La bata blanca, los brazos tersos, cobrizos, el rodete de Ingrid sujeto con horquillas de moño. Dos sesiones, generalmente, por semana. Veinte minutos sesión, en teoría. Veinticinco para Cornelia. Masajes con lociones tonificantes que vigorizan los músculos que vigorizan el alma. Dedicarse en cuerpo y alma a su cuerpo. A veces, qué necesario resulta. Cómo reconforta, a veces. El cuerpo, evidente, qué maravilla gozar del cuerpo de una, sentirlo cuando, desde hace años, las manos expertas de Ingrid le hacen a una tomar conciencia de que está ahí siempre, y dócil y solo como un perro, pedigüeño y cansado, aunque agradecido como un perro, cuando una se acopla y zambulle con alivio en el audiovisor virtual y oprime la tecla y entonces todo se desvanece como una pompa al zambullirse, mejor, sumergiéndose, a los acordes lánguidos de música New Century, en un mundo relajante y artificioso que parece verde y natural.
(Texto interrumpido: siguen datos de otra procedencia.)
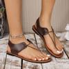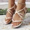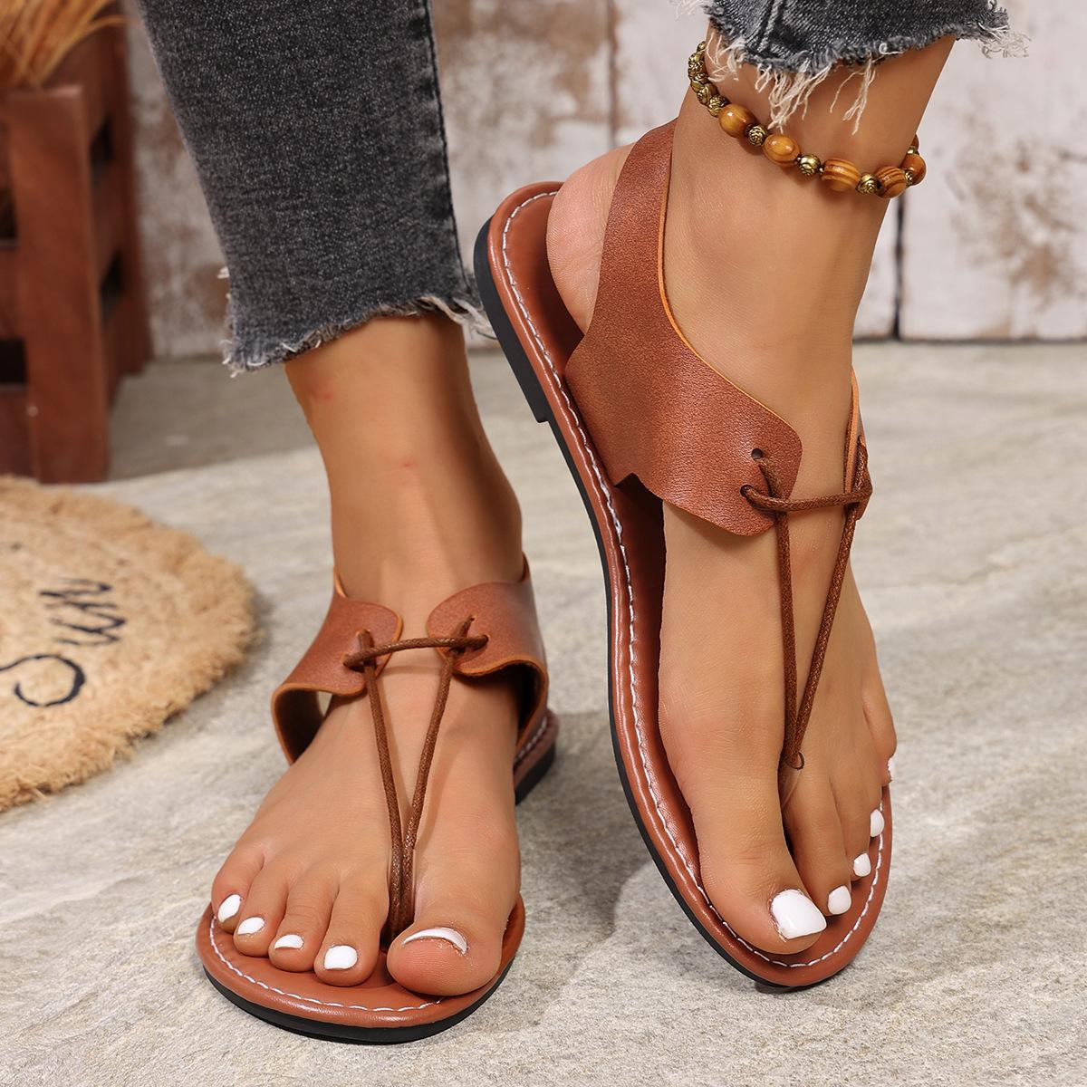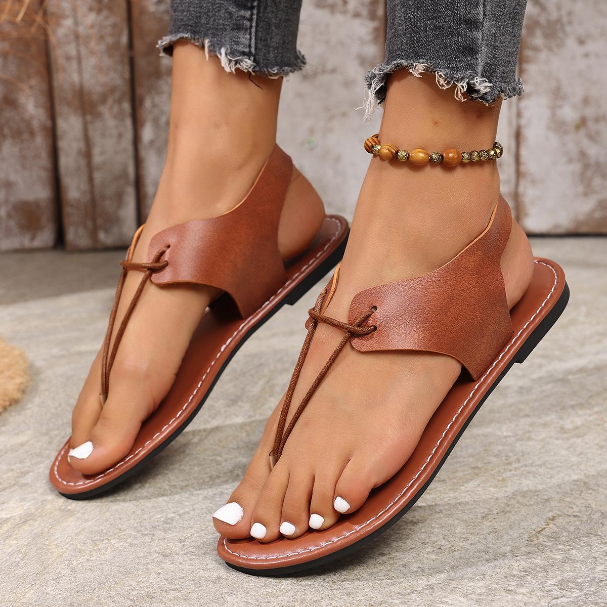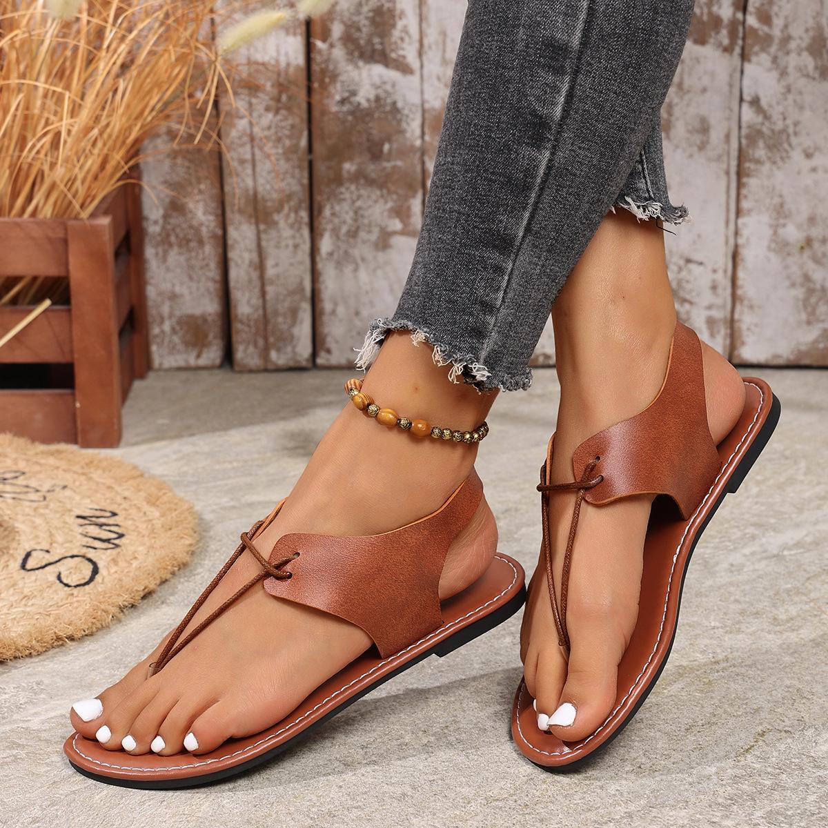 Sandalias planas de tiras finas tipo tanga de talla grande para exportación europea y americana para mujer, para uso transfronterizo, ligeras, para playa, Wishxian
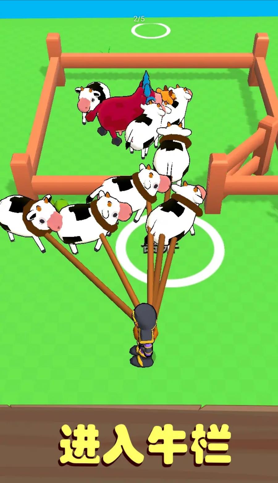 2、拖拽已捕获的奶牛,朝着场景中的桥梁方向移动,避开其他奶牛,推进运输流程。

Como los montes, desde arriba, las praderas eran verdes y eternas, y había ríos que, como serpientes de luto, culebreaban enjoyadas. Con miles de diamantes. Había paz. El aire era tibio. Y Cornelia sentía cómo el viento le azotaba el rostro y revolvía su pelo al surcar ese espacio virtual que era una tierra y un espacio de nadie. Extendió los brazos como alas para evolucionar en el aire con soltura mientras Ingrid friccionaba en círculos la región lumbar —diciéndole, en voz alta, que no extendiera los brazos, por favor, que no extendiera los brazos— con una cadencia de música obsesiva que, ahora, facilitaba el vuelo rasante de Cornelia sobre un pequeño lago espejeante y escondido entre dos bosques de hayas. Verlo todo, sentirlo todo, dentro de una... Y no bastan quince minutos, se dijo, una pizca de eternidad, se dijo, faltando a la concentración precisa que requiere el tratamiento que requiere el cuerpo y la mente hasta ser todo uno cuando, además, sintió que la música y el sueño se desvanecían en la oscuridad, y pensó gritando que no, ¡por favor, que no acabe, que no! Y la voz cavernosa, cascada de Ingrid, y su presencia tenaz secándose las manos en una toalla blanca, impoluta, mientras decía: «Veinticinco minutos, Cornelia. Que lo pases bien esta noche». Con una sonrisa que parecía el súmmum de la franqueza.